Coming Out of Hiding

Well, it’s been a busy weekend.

My computer went freaky-poos and I spent a lot of time trying to get it back into workable shape. I think it’s okay, though I won’t know until next time I have to reboot it. I think I ought to reinstall Windows but I’d rather not do that for another week, so I can finish downloading some files in my Emule queue and back up all the files I’ve crammed onto my M3.

I’ve posted a couple of times on the new 한국언어 습득 weblog, mainly diary-like things. I may discontinue the posts in Korean on my own website, I’d not sure. I may also copy and crosspost them here. I’m thinking about which would be better. If you go look there, you can see which posts are mine by the funky pictures posted by each. You can even practice reading Korean if you like, by looking. Gotta add a link to my sidebar for this page. Gaaa.

I rested a lot, which I needed to do. I also read all of the Jeff Noon novel Vurt (and here’s a funky Vurt-related site), and started in on Bruce Sterling’s most recent novel, The Zenith Angle (here’s a decent review, and another by John Clute). Gotta do something while the backup CDs are burning.

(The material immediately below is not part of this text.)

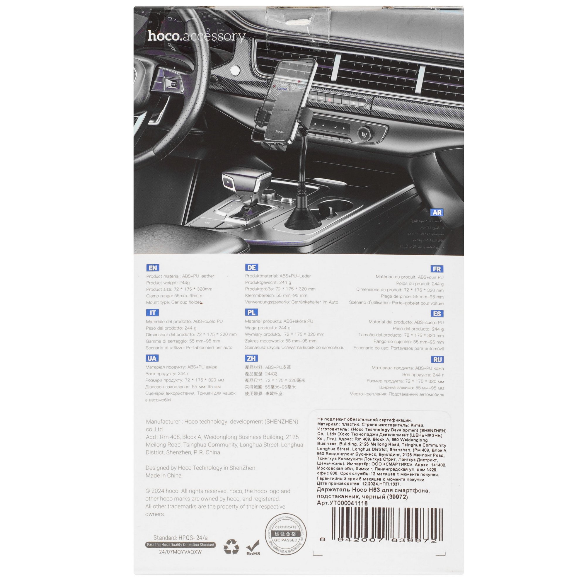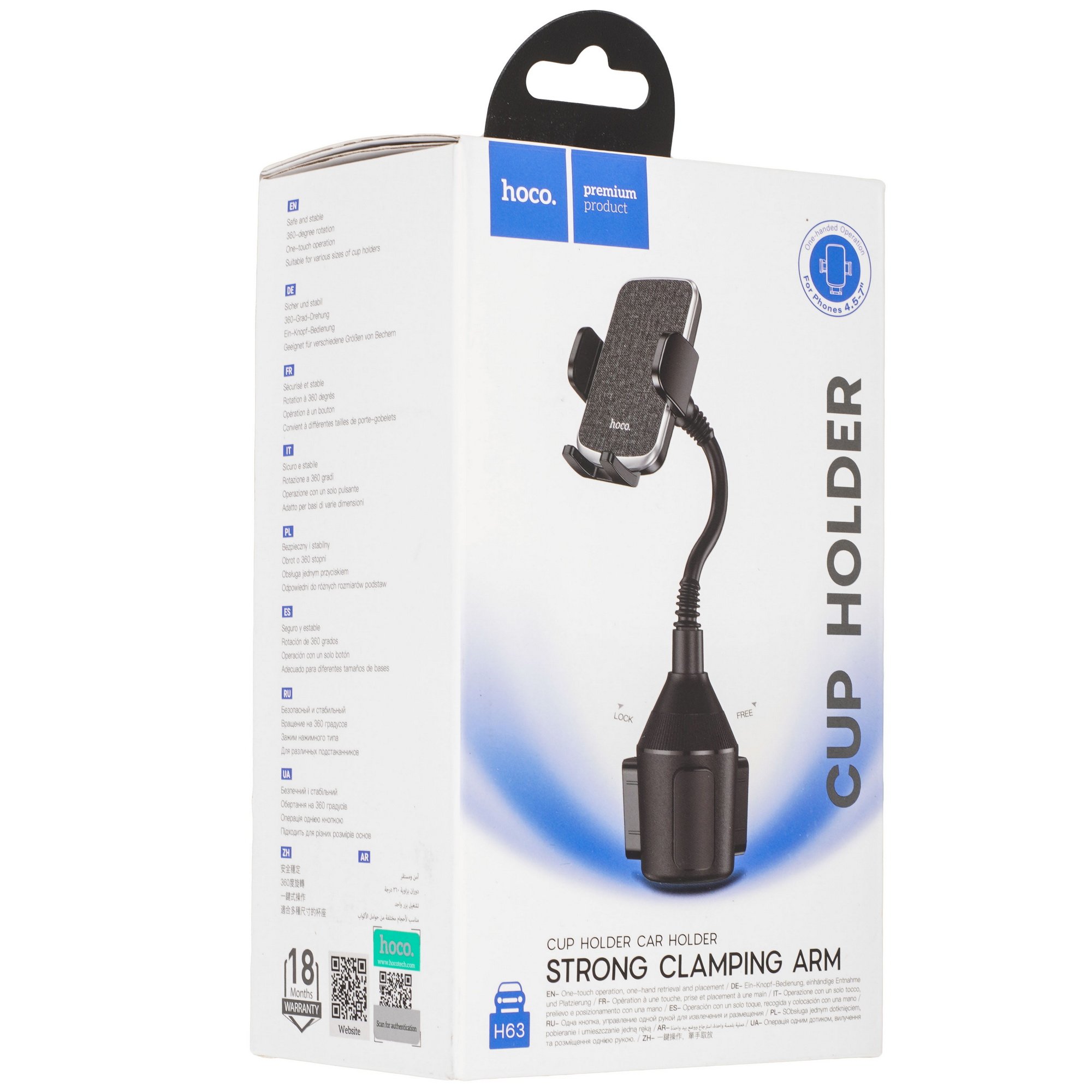Держатель автомобильный Hoco H63 оснащен зажимом для фиксации на подстаканнике. Это позволяет разместить аксессуар в зоне видимости водителя. При этом держатель не закрывает обзор и не мешает процессу вождения. Аксессуар выполнен из пластика с защищающими корпус смартфона от царапин силиконовыми накладками.

I also read an interesting-but-infuriating book on Korean religious history. Very little in the way of interesting historical figures were mentioned, mostly just theology; but I did find a hilarious defense of Confucianism as necessary to the ordering of industrial societies, as well as a few interesting things on more obscure Korean religions, such as the practice (apparently widespread at some point) of worshipping the Big Dipper, and the Tonghak rebellion, which seems a lot like the Taiping Rebellion in China with which I am much more familiar.

2 thoughts on “Coming Out of Hiding

  1. Gord,
    It’s great to see all the action on over at 한국언어 습득. I realize now that almost everyone there can kick my butt at Korean. But it is definately good practice and very motivating which is the whole purpose of starting it for me.

  2. It’s better to think of it not as butt-kicking, but as something that offers you examples of new intermediate (and I think it mostly is intermediate, with the possible exception of Joel’s stuff) grammar, things it’s good to start encountering now so that the bits are floating around enough when you formally learn them, and you can say, “Ah, that’s what that means!”

    And by the way, I don’t think I’m all that advanced. I think I’ve only studied for about half of the time I’ve been here, and not so hard for about half of that. So pretty soon I think you’ll be surpassing me, at the very least!